Together, they dragged the planks to the backyard. Twiss found two hammers in the attic. She didn’t bother to wipe away the toadstool on the handles or the rust on the heads. She named her hammer Rust-O-Lonia and went to work. Milly called hers Hammer. After she washed the toadstool off him
(It’s poisonous
, she told Twiss, but Twiss said,
Not if you don’t eat it)
, she tapped at the nails as if she were asking them for permission.
“Pretend the nail’s something you don’t like,” Twiss instructed.
“You don’t like snakes,” she added when Milly didn’t say anything.
“But I don’t want to hammer them,” Milly said.
“Cousin Bettie better be less of a humanitarian,” Twiss said.
“Do you even know what that means?”
“It means we need a third person to finish the tree house.”
Since they’d found out she was coming, Milly and Twiss had been making predictions about their cousin. They’d met her only once, and “met” wasn’t the quite right word since Milly was two and Twiss was still a baby. Cousin Bettie was four then. According to their mother, they got along beautifully. Twiss was hoping for another her. Milly didn’t know what to hope for, but figured their cousin would probably be wearing a bracelet with little charms in the shapes of horseshoes and tennis rackets like the other girls in Spring Green.
“Or worse,” Twiss said. “A dress.”
“
I
wear dresses,” Milly said.
“But you don’t act like you do.”
At night, they’d talk until the shadow of their mother’s feet appeared under the door, which meant
Not another word
. Their mother let their whispering go on longer than usual because she was eager to have another pair of hands around the house for the summer; a pair, she told Twiss, that wasn’t as lazy as hers.
Mine?
Twiss said, pretending to be outraged.
Their mother planned on repairing the damage living on a farm had done to her. She said that wives deserved a little mindless time and mothers deserved much, much more. Her sister, Gertrude, was sending their cousin with the understanding that if the three of them got on well together, Milly and Twiss would go up north next summer to help out.
If
was their mother’s way of saying
when
. Each morning, she crossed a day off the calendar with a black X.

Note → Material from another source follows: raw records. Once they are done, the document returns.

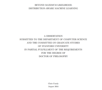 传统的机器学习方法通常依赖于最大似然估计(MLE),因为其实现简单且等价于最小化KL散度。然而,仅通过最大化似然进行训练的模型往往缺乏在实际应用中所期望的某些特性,如不确定性的量化、对分布外输入的鲁棒性,或遵守隐私约束。随着机器学习模型被越来越广泛地部署,这些重要特性变得比以往任何时候都更加必要。不幸的是,能够提供这些特性的方法在当今的大模型和大数据集下通常难以实现。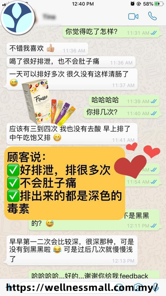 Dietary fibre will combine with stools which will then sweep away the stools in the intestinal wall and relieve constipation. Frusso contains prebiotics, necessary for the reproduction of probiotics which will reduce the growth of bad bacteria and maintain intestinal health.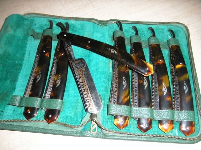 Selling antique straight 3/4" razors.This razors were made in the 50's.Razors made by ERN Solingen,Germany.The razors have have Trutle shell scales.The scales are three pin type.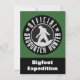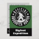 A criatura legendária conhecida como bigfoot é o centro de uma imagem oficial do estilo do logotipo do caçador do sasquatch em preto e branco, com tipo afligido efeito do grunge aplicado. Mude a cor do fundo (mostrada como o verde) e escolha um texto de coordenação para o verso clicando o botão da personalização.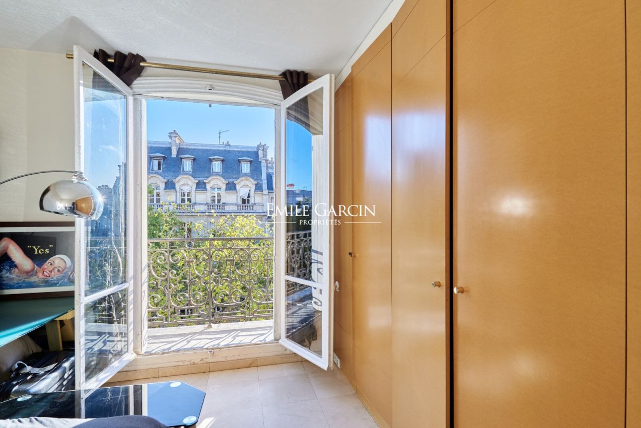 Rare - Place de l'étoile au 5 -ème étage dans un immeuble haussmannien avec ascenseur superbe appartement traversant de 50,87m² avec balcon de 4.25m². Il se compose : D'une entrée, d'un séjour avec cuisine ouverte, d'une chambre, d'une salle de bains et d'un toilette. Parties communes en parfait état.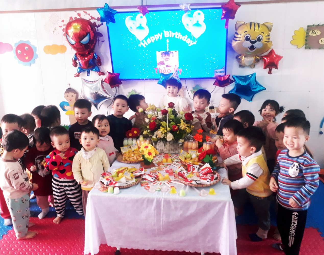 Tiệc sinh nhật ở nhà thì ấm cúng. Tiệc sinh nhật ở nhà hàng thì sang trọng. Còn tiệc sinh nhật ở lớp cùng các cô và các bạn thì sao? Vì sao bé nào trong lớp cũng háo hức, chờ mong được tổ chức sinh nhật ở tại lớp đến thế? Thật thú vị khi bé được tổ chức sinh nhật ở lớp, bé sẽ vui hơn vì được trở thành tâm điểm ở lớp dù chỉ trong 1 ngày. Và sau đây là hình ảnh sinh nhật Bé Thảo Vy lớp Cơm Thường C.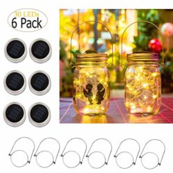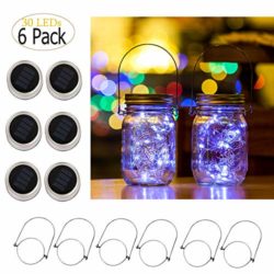 Size:6 Pack-30 LEDs Lights&Hangers(No Jars )Solar Mason Jar Lid Lights, 6 Pack 30 Led String Fairy Star Firefly Jar Lids Lights, Jars Not Included, Best for Mason Jar Decor,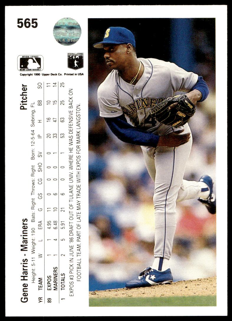 This Baseball card, from 1990 is part of the Upper Deck  card set. Gene Harris is featured and has a card number of 565.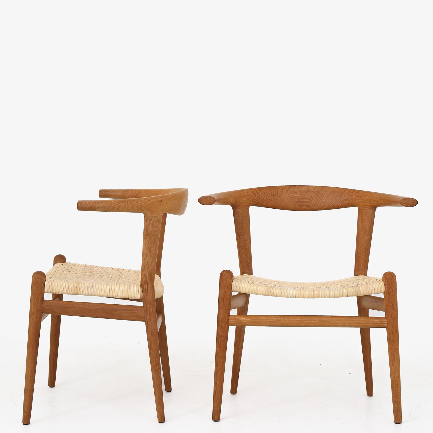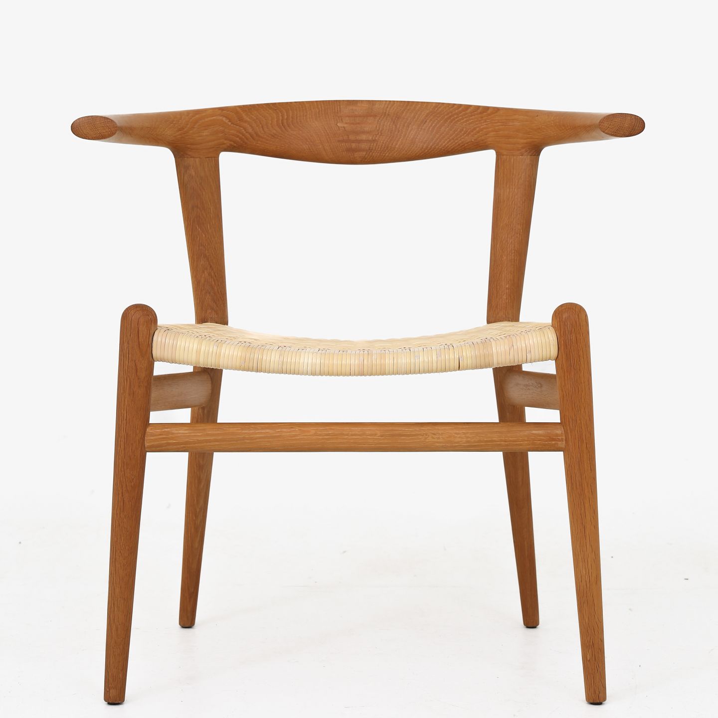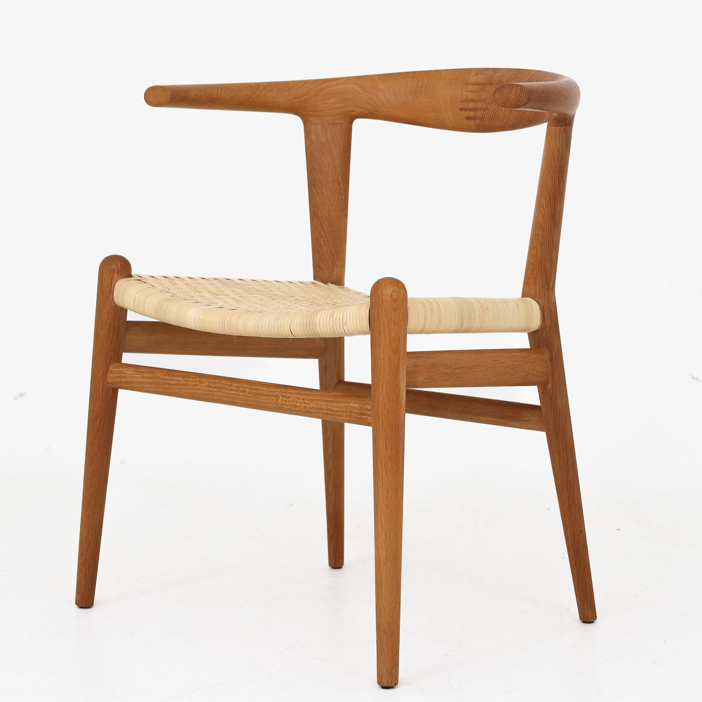 JH 518 - Rare 'Bull Chair' in solid oak and with seat of new, braided cane. Original label from manufacturer. Designed in 1961.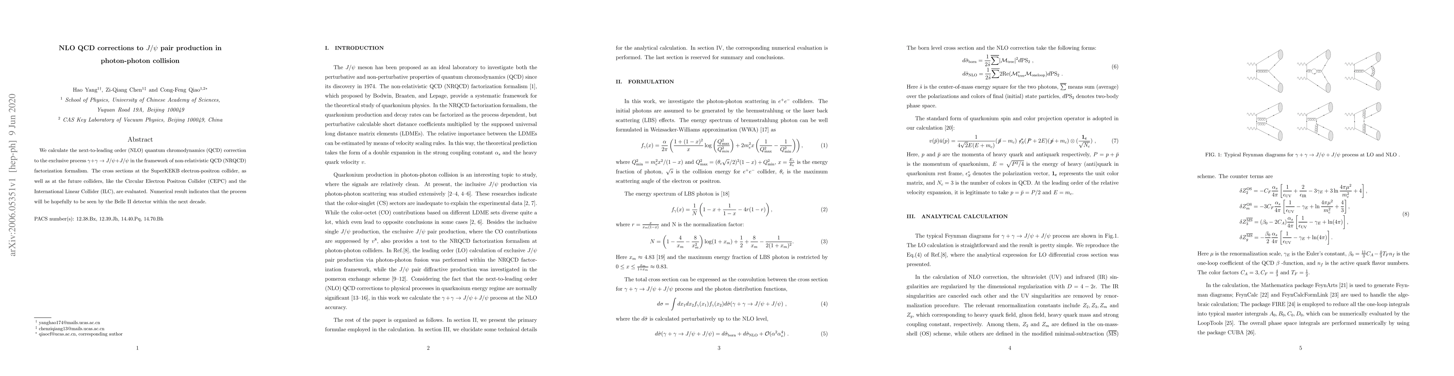 The paper presents a detailed calculation of NLO QCD corrections to the γ+γ→J/ψ+J/ψ process using NRQCD factorization, including analytical and numerical methods for handling Feynman diagrams, integrals, and phase space.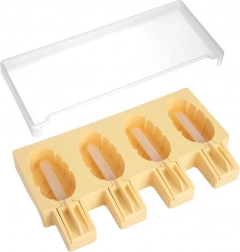 Denne praktiske silikoneform i en blid gul farve er ideel til daglig tilberedning af hjemmelavede ispinde og frosne desserter. Du laver fire portioner ad gangen, og takket være det gennemsigtige låg kan formene stables sikkert og bæres rent til fryseren uden spild.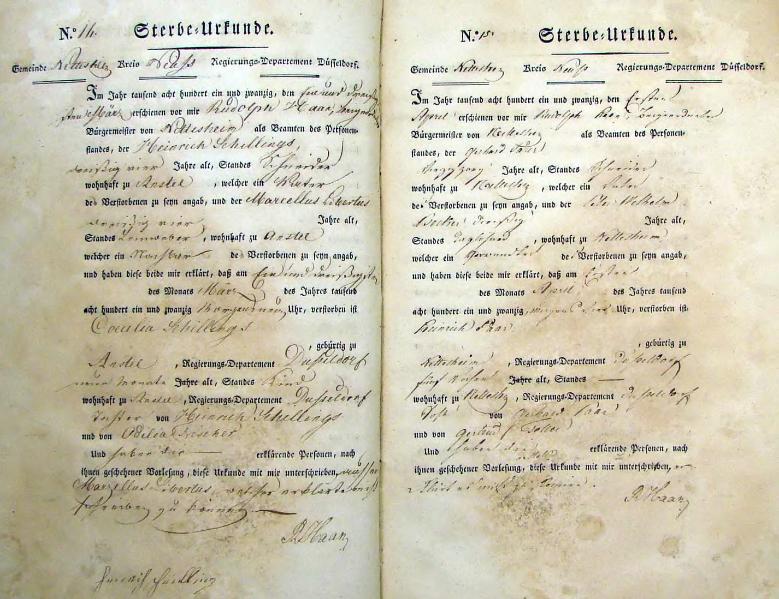 | aktuell | 15:09, 14. Okt. 2011 | 1.024 × 1.507, 35 Seiten (5,58 MB) | KlausErdmann (Diskussion • Beiträge) | {{Information |Beschreibung = ;Standesamt Nettesheim, Sterbeurkunden von 1821 |Quelle = Gemeindearchiv Rommerskirchen |Urheber = |Datum = 1821 |Scans = Klaus Erdmann ''(Repro: 13. Oktober 2011) |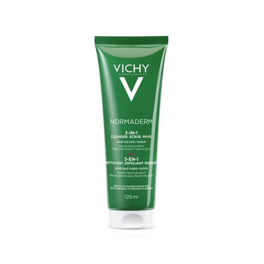 NORMADERM TRI-ACTIV CLEANSER - Přípravek pro čistění pleti s nedokonalostmi 3v1: čištění, peeling, maska, 125ml. Krém odstraňuje nečistoty, jako peeling uvolňuje ucpané póry. Při použití jako maska: zmatňuje a rozjasňuje pleť.

The day before Cousin Bettie arrived, Twiss flipped ahead three hundred sixty-five days to a Wednesday in early June, the day their mother decided they would depart for Aunt Gertrude’s house in Deadwater, a day that would have been unremarkable if it weren’t for the smiling sun their mother had drawn in the square with a yellow crayon.
Milly’s father didn’t notice the bath salts or the calendar.
After the Accident, which had taken on the weight of a proper noun somewhere between his coming home from the hospital and the appearance of the June bugs, he spent his time in the barn when he wasn’t working. He’d even started sleeping up in the hayloft because he said their mother’s snoring woke him, though a thick plaster wall separated their bedrooms and she didn’t snore. Their parents had always kept separate bedrooms, but they hadn’t always slept separately. When Milly and Twiss were little, their father had used his bedroom to store golf equipment, but would sleep in their mother’s room. One day, though, for no reason the girls understood, a mattress appeared on the floor in their father’s room and he started sleeping on it, now and then at first, then more and more regularly. Milly and Twiss would still occasionally catch him sneaking out of their mother’s bedroom in the morning, which would hearten them. Other times, they’d find him asleep on his bed in all of his clothes, and their mother’s eyes would be puffy, which would still hearten them because their parents were trying to work out whatever ugly thing had come between them.